Your goal ▸ Retype the listing exactly, with no images.

Supplied information ▸

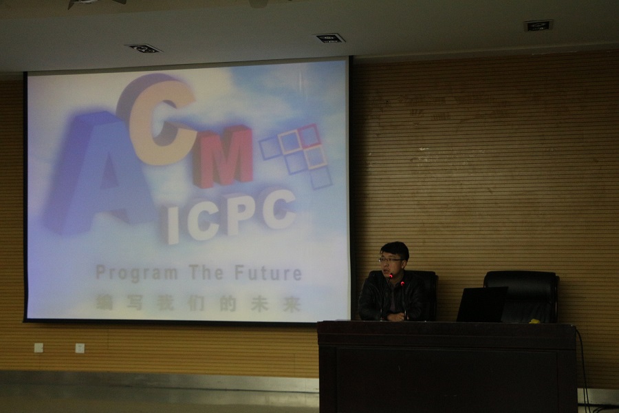 首先,我校ACM竞赛队教练王涛老师向同学们介绍了ACM-ICPC(即ACM国际大学生程序设计大赛)的竞赛规则、赛制、我校ACM队的发展历程,使在场同学了解到了这个号称“程序设计界的奥林匹克”的国际性赛事。现场大部分同学对于此项赛事表现出了浓厚的兴趣。
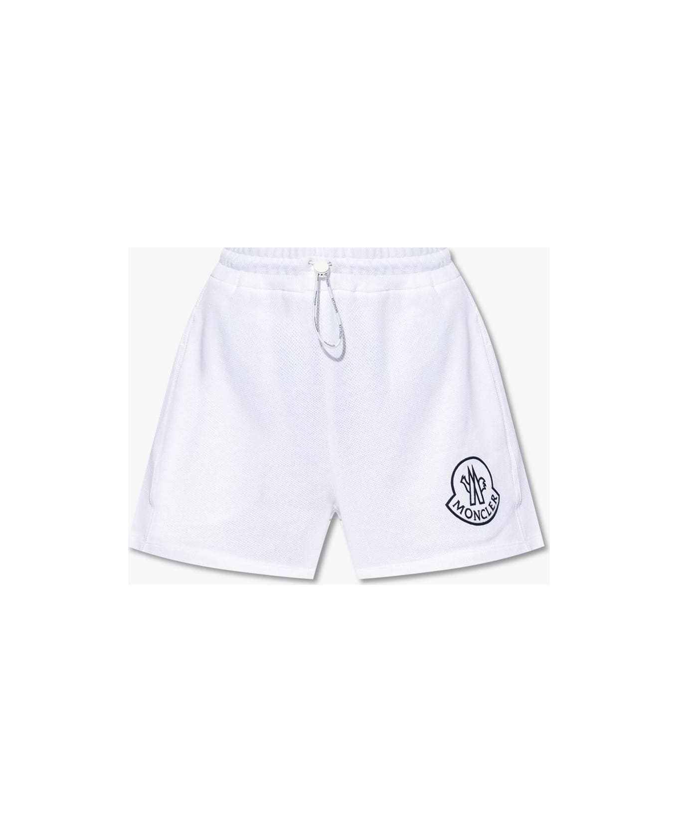 White shorts from Moncler. This pair feature an elastic drawstring waistband, navy logo print and two slip pockets.
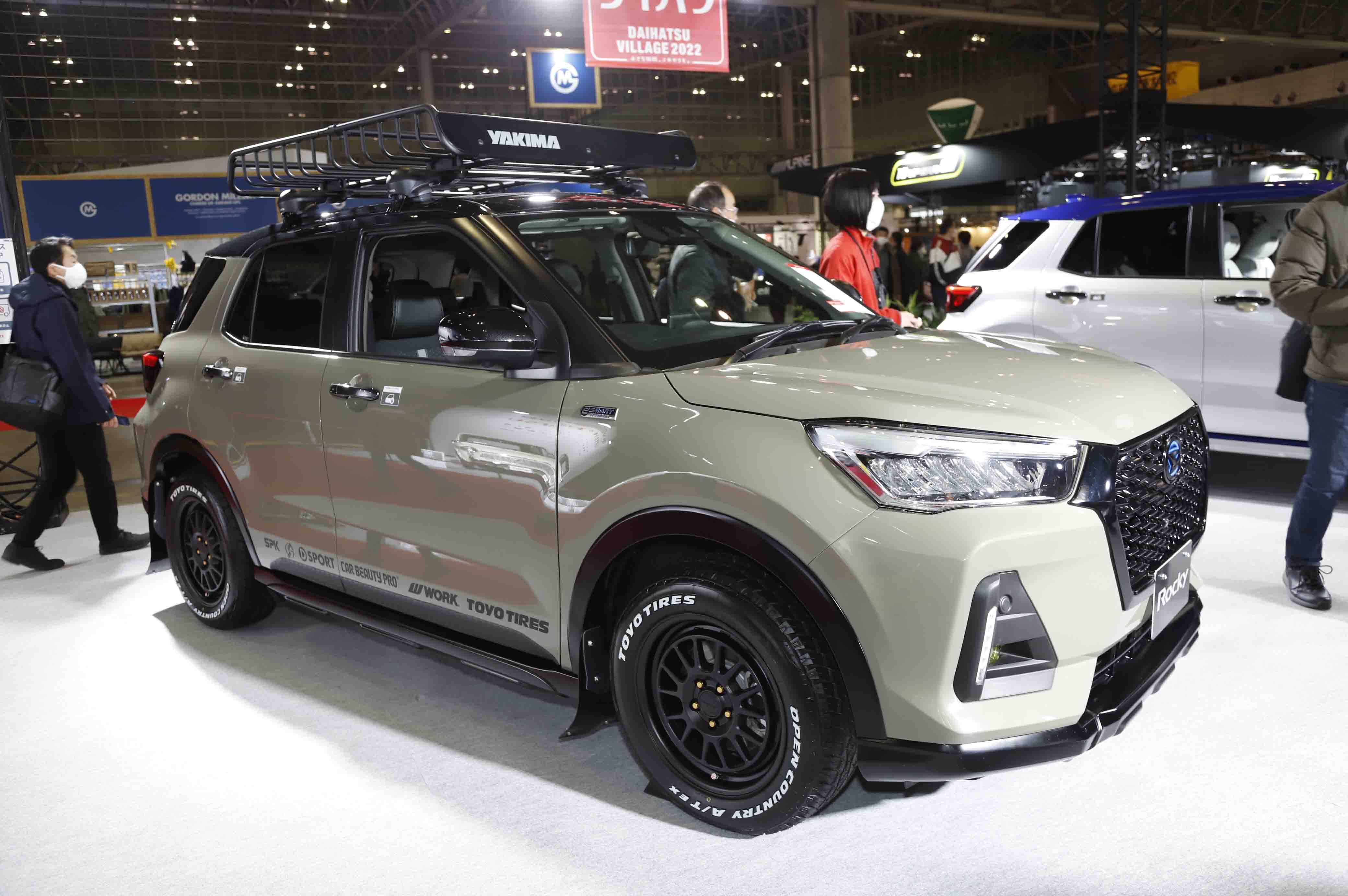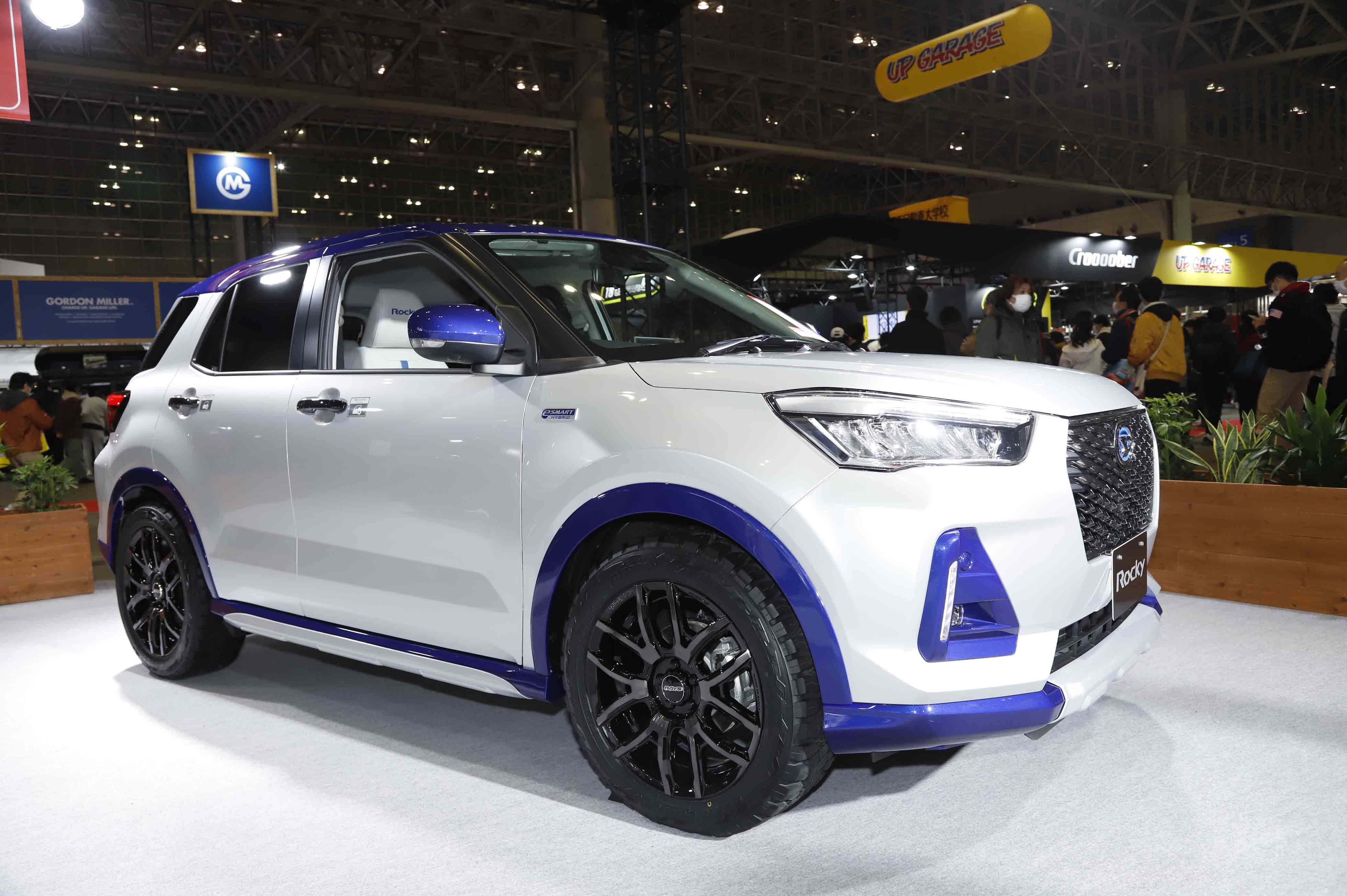 また、ダイハツのハイブリッド技術「e-SMART HYBRID」を搭載したコンパクトSUV、ロッキーをベースとした2台のカスタムモデルにも注目です。

Reply ▸
 首先,我校ACM竞赛队教练王涛老师向同学们介绍了ACM-ICPC(即ACM国际大学生程序设计大赛)的竞赛规则、赛制、我校ACM队的发展历程,使在场同学了解到了这个号称“程序设计界的奥林匹克”的国际性赛事。现场大部分同学对于此项赛事表现出了浓厚的兴趣。
 White shorts from Moncler. This pair feature an elastic drawstring waistband, navy logo print and two slip pockets.
 また、ダイハツのハイブリッド技術「e-SMART HYBRID」を搭載したコンパクトSUV、ロッキーをベースとした2台のカスタムモデルにも注目です。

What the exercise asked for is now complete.